And then came social media. Knakal said that he has always believed that business comes through networking, attending events almost daily throughout his career. Pressured by his peers, Knakal quickly saw that social media could provide another entrée to deals.
Starting in January 2023, Knakal and his social media team began posting about business, his own history and bits of advice, and rapidly grew a national following.
“I wanted to go beyond posting the price and the size of the building. I wanted to be different from what everyone else was doing,” he said. “I enjoyed motivating the troops at Massey Knakal, so that became Motivational Monday. We have Testimonial Tuesday. I have boxes of photos and material from the old days, so that became Throwback Thursday. It’s very different from ‘I just listed this’ or ‘I just sold that.’”

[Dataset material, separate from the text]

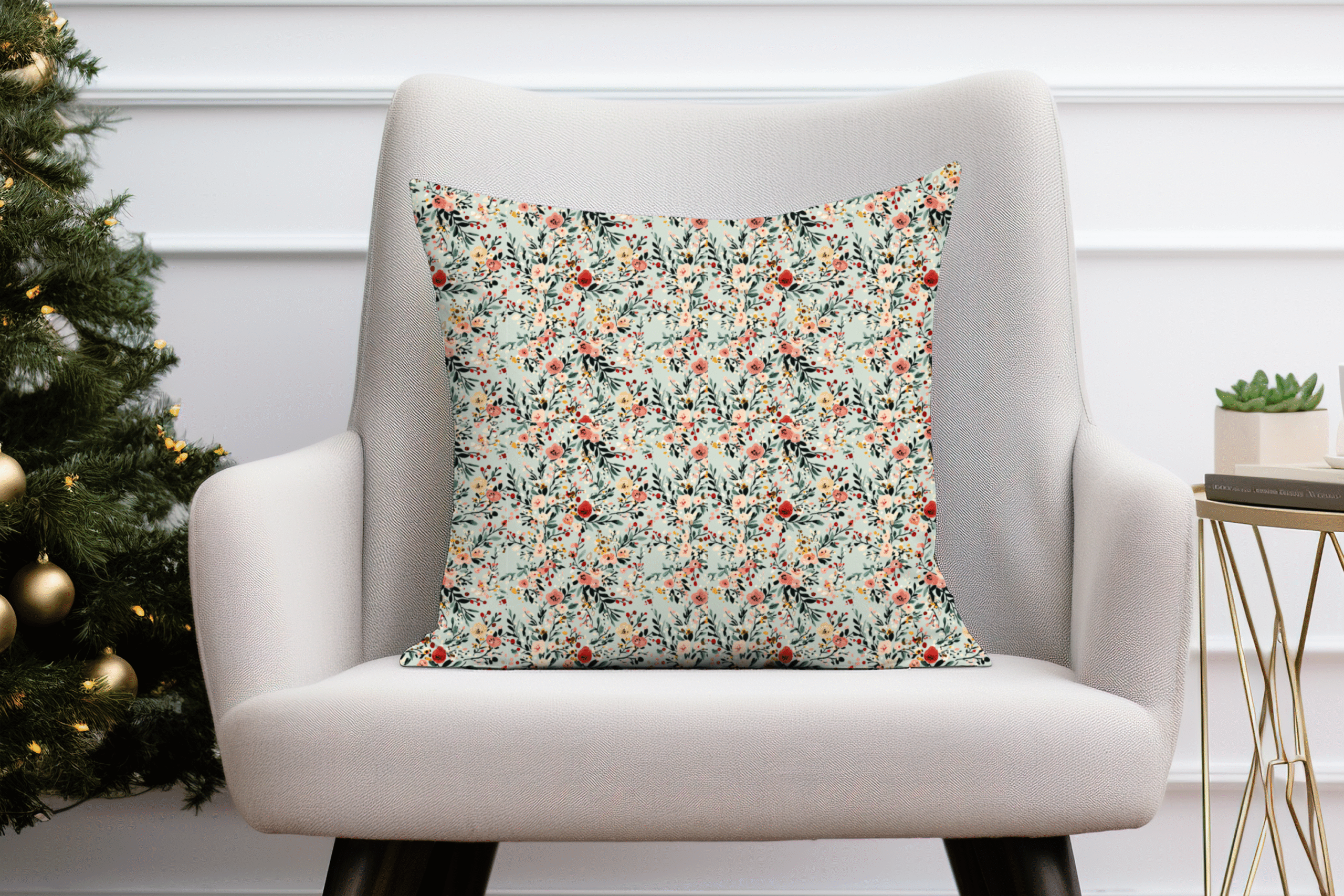 Delicate, dreamy, and perfectly cottagecore — the Very Cottage Blossom Pillow brings soft watercolor botanicals to life in a way that feels both seasonal and timeless. With a gentle scattering of hand-painted buds, berries, and leafy sprigs in warm reds, blues, and greens, this pillow captures the spirit of a cozy winter morning and the freshness of spring all at once.

Today, he has more than 40,000 followers on LinkedIn, 32,000 followers on X (formerly Twitter) and 8,000 followers on Instagram, achieving more than 23.5 million impressions and views in 2023. In March, he was named the No. 1 commercial real estate influencer on LinkedIn by CREiSummit, a group of real estate professionals focused on expanding the use of digital marketing in the industry.

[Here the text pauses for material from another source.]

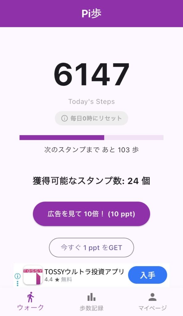 歩数は0時にリセットされるため、獲得もれに注意しましょう。
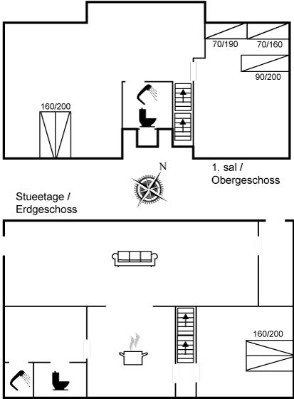 Ferieboligen råder over ca. 160 m² fordelt på to etager og en dejlig stor have med græsplæne, buske og frugttræer (grundstørrelse ca. 1000 m²).

That higher visibility came at a price. Within days of a February 11 “New York Times” profile on Knakal and the Knakal Map Room that mentioned JLL just once, the company parted ways with the veteran broker. Speculation was rife online about Knakal’s next move — joining another big firm, partnering with another superstar broker or going out on his own.
They didn’t have long to wait. On X, Knakal announced BKREA, a firm that will utilize the data he has compiled and applying AI and other technologies to find trends and patterns to serve his clients.
“The time at Cushman & Wakefield was expected because anyone who would buy us would expect us to be on service contracts,” he said. “The time at JLL was not at all what was expected. It’s great to be an entrepreneur again.”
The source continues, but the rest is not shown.